Дарья молча сползла на лавку, беспомощно хлопая ресницами.
– Да как же это?! – рядом запричитала Устинья, прикрывая рот рукой. – Такая же твердыня… была. Верные ли вести?
Вадим махнул Ратше, затворить дверь от лишних ушей.
– Сказывают, из Суздали народу нагнали, хворостом рвы заваливать, стены пороками https://litmarket.ru/ebook/edit/dar-ushkuyniku#_ftn1пробили. Великая княгиня со снохами и унуками, и бояре с семьями – все в Успении погорели. Никто не спасся.
– Солоша?! – вскрикнула Дарья. – Там же Солоша, и Евфимия! – она смотрела на Вадима расширенными от ужаса очами.
– Много народу полегло, кто ж его знает. Да, может, они к Гороховцу назад съехали, – отозвался Вадим.
Дарью скрутило, и она бросилась в соседнюю горницу к окну. «Солоша, глупенькая бедовая Солошка. Как же так?! И расстались так нехорошо, она же помириться со мной хотела, а я!» «Чтоб вам всем сгореть?!» – подсказала память собственные злые слова. «Это я их сгубила!

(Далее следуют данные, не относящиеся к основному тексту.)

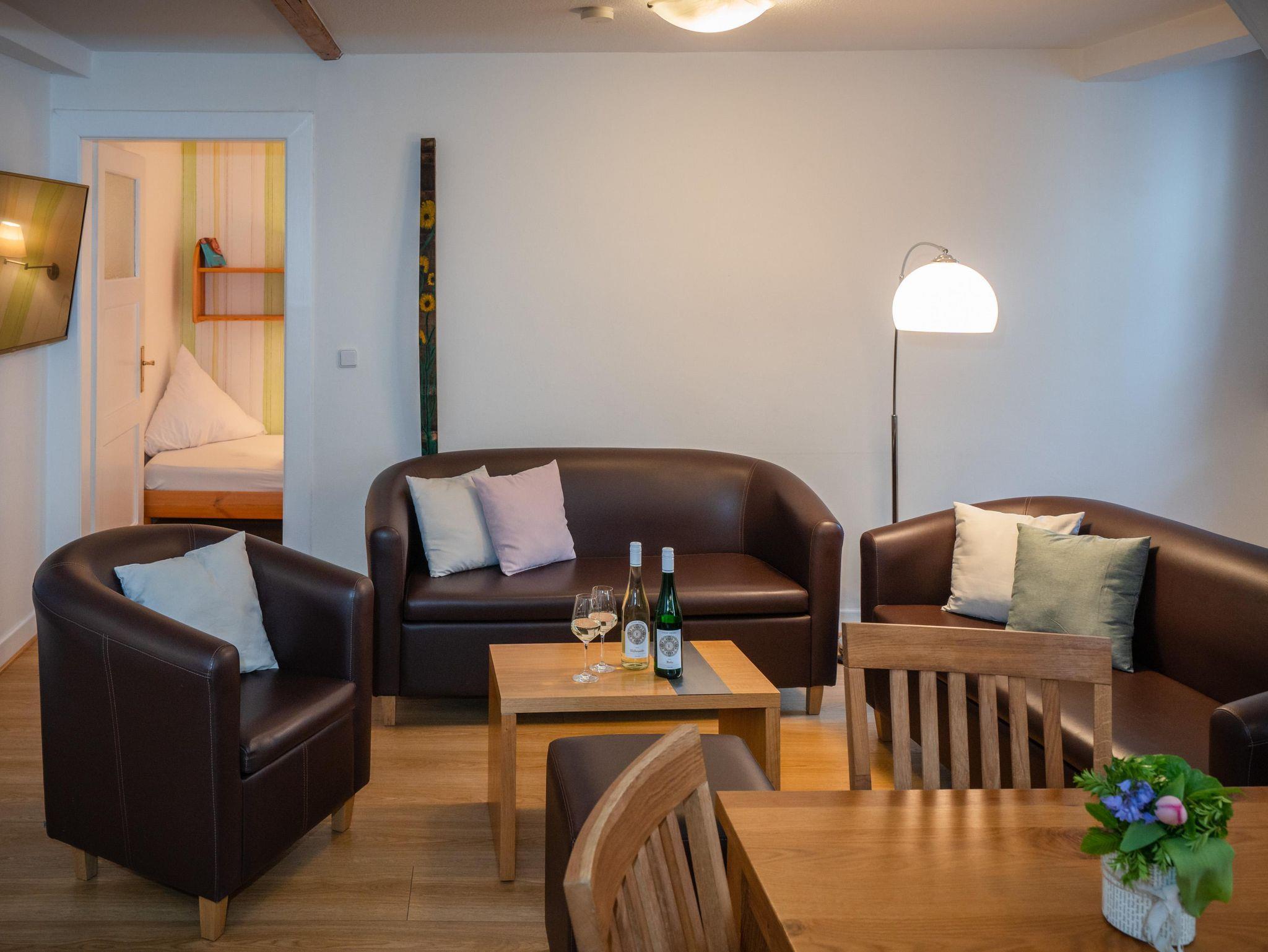 In unseren liebevoll restaurierten Apartments erwartet Sie Ruhe und Entspannung. Mit einem offenen Wohn- und Essbereich, ruhig gelegenem Schlafzimmer und einem Bad mit moderner Ausstattung fällt es leicht die Seele baumeln zu lassen. Zudem bietet ein Balkon oder unsere große idyllische Terrasse Gelegenheit die Sonnenstunden auszunutzen, sich sportlich zu betätigen z.B. beim Tischtennis spielen, oder in geselliger Runde zu Grillen und das leckere Essen zu genießen. Unsere gemütlichen Liegestühle laden dazu ein, z. B. bei einem unterhaltsamen Buch oder spannender Lektüre eine Zeit lang zu verweilen. Bei all dem dürfen unsere beliebten Weine nicht fehlen, die in jeder Ferienwohnung bereit stehen und nur darauf warten zu dem einen oder anderen Anlass getrunken zu werden, denn:

Я беду на них навела! И Микулу тоже!» Тошнота отступила, кишки уж не выворачивало, но голова раскалывалась. Следует набраться мужества и спросить о главном.
– А Гороховец?! – вернулась Дарья бледною тенью в горницу.
– Про то не ведомо, – опустил глаза Вадим. – Поганые по градам расползаются, Юрьев в осаде. А стародубцы в схроны по лесам разбежались, поганые не смогли изловить, может, и наши то сотворить успеют.
– А-а сюда дойдут? – опавшим голосом пролепетала Устинья, прижимаясь к стене.
– Да неужто у них такие глотки ненасытные, – подсел к ней Ратша, – столько добра уж награбили, пора и восвояси убираться. Сюда не дойдут, весна уж скоро, дороги развезет, куда им.
– До весны еще далече, а идут больно скоро, – не поддержал воодушевления денщика Вадим, но увидев, как еще сильней побледнела Дарья, тут же поспешил добавить: – Посадник к Новгороду за войском послал, Новгород Великий без Торга не сможет, сразу глад начнется, все жито через наш Торжок к ним идет. Стоять будут насмерть. Юрий еще Великий жив, на полуночи войско сбирает. Да до нас еще Переяславль надобно сломить, Тверь. Выстоим.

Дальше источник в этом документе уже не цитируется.